Passing a PPTP/VPN connection through natd

Home -- Tutorials -- Quickies -- Manual Pages -- Search -- Feedback -- About The Site -- Forum

Passing a PPTP/VPN connection through natd
added 9.24.2000 -- written by David van Geyn

Article Description: This article describes how to set up natd so that one computer behind your firewall can act as either a server or a client.

If you want to allow one computer behind your natd firewall to be a PPTP/VPN server or client, here is how to do it.

NATD in at least FreeBSD 3.4 through FreeBSD 4.0 has an option called 'pptpalias'. This option is used for just that, and will pass any GRE (protocol 47) packets to the specified address.

In my case, I access a Microsoft VPN server that is not under my control (otherwise I would use IPsec). The computer I want to be able to access this VPN server from has the internal IP address 192.168.2.51.

So, in my example, I added the following line to my natd.conf.

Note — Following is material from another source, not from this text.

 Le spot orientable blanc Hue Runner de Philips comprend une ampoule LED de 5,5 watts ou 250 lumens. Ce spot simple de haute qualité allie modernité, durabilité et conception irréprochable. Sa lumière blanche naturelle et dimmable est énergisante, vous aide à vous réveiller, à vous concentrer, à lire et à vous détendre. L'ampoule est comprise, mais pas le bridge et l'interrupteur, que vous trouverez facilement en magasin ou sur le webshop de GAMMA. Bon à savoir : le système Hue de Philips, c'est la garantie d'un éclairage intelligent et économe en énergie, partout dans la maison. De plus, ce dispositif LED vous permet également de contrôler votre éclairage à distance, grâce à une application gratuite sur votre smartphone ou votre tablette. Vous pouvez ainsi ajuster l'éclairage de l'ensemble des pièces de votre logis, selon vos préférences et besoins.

pptpalias        192.168.2.51

That is all you need to do, as long as your firewall will allow the GRE (protocol 47) packets to pass through it.

Another option is to add the following to your command line when starting natd.

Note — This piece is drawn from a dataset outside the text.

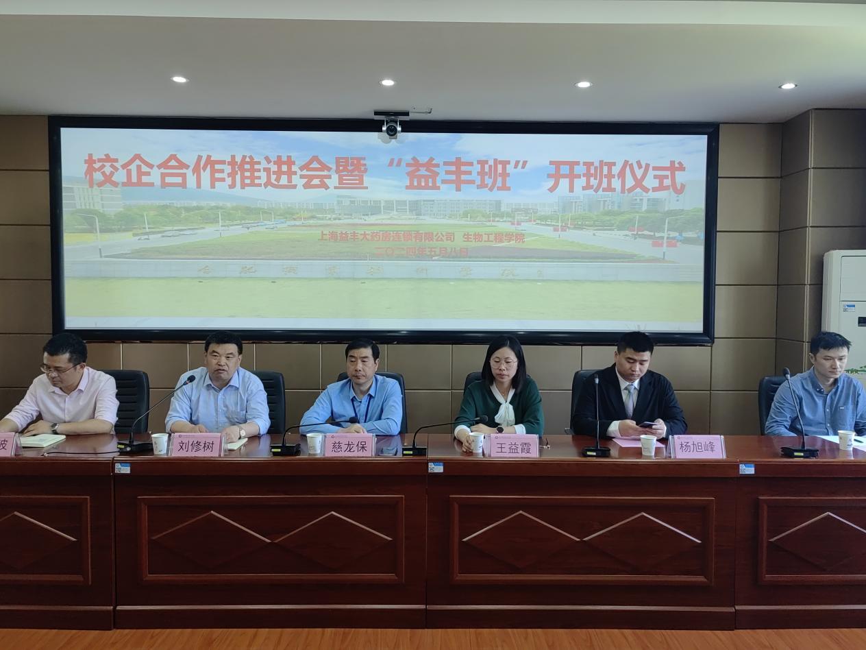 5月8日下午,91精品一区在鼓山校区崇德楼五楼会议室举办校企合作推进会暨第六届“益丰班”开班仪式。上海益丰大药房连锁有限公司人力资源部部长王益霞、招聘培训经理杨旭峰,91精品一区党总支副书记(主持工作)慈龙保、院长刘修树、副院长方丽波和相关工作人员及22级药学类专业学生代表参加会议。会议由慈龙保主持。

/sbin/natd ...other options here... -pptpalias 192.168.2.51

Here is what the manpage says about redirect_proto.

-redirect_proto proto localIP [publicIP [remoteIP]]

		 Redirect incoming IP packets of protocol proto (see

		 protocols(5)) destined for publicIP address to a localIP

		 address and vice versa.



		 If publicIP is not specified, then the default aliasing

		 address is used.  If remoteIP is specified, then only packets

		 coming from/to remoteIP will match the rule.

It looks to me like this option allows you to establish protocol forwarding settings for different IP addresses. So, if my computer at 192.168.2.51 wanted to access a VPN server at 1.1.1.1 and another computer on the local network, let's say 192.168.2.100 wanted to access a VPN server at 2.2.2.2, you could add two redirect_proto lines to your natd.conf and then both of those computers could use their respective VPN servers. Much better than the pptpalias option where you could only specify one local address and no server address.

If you have any info on the redirect_proto option, or on passing IPsec, VPN and PPTP tunnels through natd, send me the info by sending feedback.

NOTE Added November 1, 2002

After FreeBSD 4.0-RELEASE, this option was deprecated and now you must use the 'redirect_proro' option to specifically forward GRE (protocol 47) packets to the specified host. My server at home is now running FreeBSD 4.5, and this option works great. The only limitation is that there can only be a one-to-one mapping of server to client (i.e.: you could not have two clients using the same PPTP/VPN server).